Lust, Caution wins
Golden Horse awards
TAIWAN
Dec.
10, 2007 (Credits
to Reuters)
Ang Lee's steamy Lust, Caution trotted off
as the big winner on Saturday at the 2007 Golden Horse
awards, the most coveted Chinese-language film prizes,
picking up seven honors including best director and best
film.
Despite its low profile in the West, the Golden Horse is
a spectacular occasion for the Chinese-speaking world,
with top talent from Taiwan, Hong Kong and China turning
out each year for the red-carpet event in Taipei.
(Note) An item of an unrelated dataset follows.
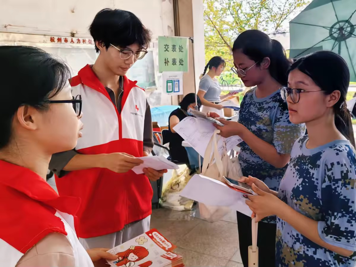 9月24日,中国计量大学下沙校区内,一场以“你的大学,因爱开始”为主题的开学季无偿献血活动火热开展。学子们怀揣热忱排起长队,用一袋袋温热的血液,为大学生活书写下充满责任与大爱的开篇,也为临床用血注入青春力量。

Lust, Caution, the favorite going into the star-studded
event, also helped Lee win the award for outstanding
Taiwanese filmmaker of the year.
"This is for the lack of respect that Taiwan has gotten
in the past," Lee said backstage, after getting the
outstanding Taiwanese filmmaker award. "My point of
view, my style are all from Taiwan. So I'm very much
representing Taiwan."
Lust also won best leading actor honors for Hong Kong
star Tony Leung Chiu Wei.
Lust, Lee's most prominent Chinese-language film since
Crouching Tiger, Hidden Dragon, won the Golden Lion at
the Venice film festival, and had the advantage of much
stronger publicity than its rivals.
The awards feature mostly films from Taiwan and Hong
Kong. In addition to Lee and Leung, luminaries on this
year's list included Hong Kong film star Aaron Kwok and
China-born Joan Chen, who burst on to the movie scene in
Bernardo Bertolucci's The Last Emperor in 1987.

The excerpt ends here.